Jeremy Prince joined the Sigfox corporate office, headquartered in France, as Chief Strategy Officer in 2018. In this role, he worked closely with Ludovic Le Moan, CEO and co-founder of Sigfox on key initiatives and the company strategy.  As part of the Sigfox Executive Committee, he was in charge of Sigfox Spain, Sigfox Germany and Sigfox USA. In order to strengthen and accelerate the business in the U.S., Jeremy was appointed to President of Sigfox USA in 2019, while remaining on the Sigfox Corporate Executive Committee.  Recently, he was promoted again and named CEO of the Sigfox Group. 

Interested in connecting with Jeremyon how 2020 changed IoT? Reach out on Linkedin!

Sigfox is the 0G network pioneer and the world’s leading Internet of Things (IoT) service provider. Sigfox offers a unique combination of ultra-low cost and ultra-low power technologies supported by a global network, enabling businesses to gain visibility and track their assets worldwide. With more than 17 million connected devices and 60 million messages sent a day, Sigfox helps its customers to extract crucial data at the lowest total cost and to accelerate their digital transformation in key areas such as Asset Tracking and Supply Chain. ISO 9001 certified and surrounded by a large ecosystem of partners and IoT key players, Sigfox was founded in 2010 and is headquartered in Toulouse, France, with offices in Boston, Dallas, Dubai, Madrid, Paris, Sao Paulo, Singapore and Tokyo. Follow Sigfox on Twitter!

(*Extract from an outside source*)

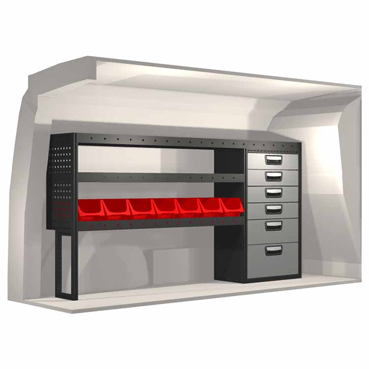 Dieses Einrichtungssystem wurde entworfen, um optimale Passgenauigkeit und bestmögliche Funktionalität und Sicherheit zu gewährleisten. Es ist für den professionellen Gebrauch entwickelt worden, ist flexibel und zur Anwendung in verschiedenen Geschäftsbereichen bestimmt. Universal- und Bodenwinkel sind enthalten.

Key Questions and Topics from this Episode:

1:15 Jeremy Prince introduction
1:44 Sigfox Introduction
5:22 Logistics and Supply Chain
6:00 COVID impact and vaccination supply
7:30 Michelin Container tracking case study
8:45 Building Management, Commercial Facilities
11:07 State of the IoT Industry Analysis
12:06 French Insurance Company case study
13:40 Air quality
15:40 The Phoenix Fund Project in Puerto Rico
19:10 Cannabis and Agriculture IoT
20:30 Final Thoughts with Jeremy Prince on how 2020 changed IoT


Transcript:

- [Ken] This is the IoT For All Media Network. Hello friends in IoT. Welcome to Let's Connect, the newest podcast in the IoT For All Media Network. I am Ken Briodagh Editorial Director for IoT For All and your host. If you enjoy this episode, please remember to like subscribe, rate, review, and comment at all your favorite podcasting platforms. And to keep up with all the IoT insights you need, visit IoT for all.com. Before we get into our episode, the IoT market will surpass $1 trillion in the next few years. Is your business ready to capitalize on this new and growing trend, use leverage is powerful IoT solutions development platform to efficiently create turnkey IoT products that you can white label and resell under your own brand. Help your customers increase operational efficiency improve customer experience, or even unlock new revenue streams with IoT. To learn more, go to IoT changes everything.com that's IoT changes everything.com. Now let's connect. My guest today is Jeremy Prince of Sigfox. And we're gonna be talking about, well a lot of things today. We're gonna get pretty broad, but first Jeremy welcome to the show.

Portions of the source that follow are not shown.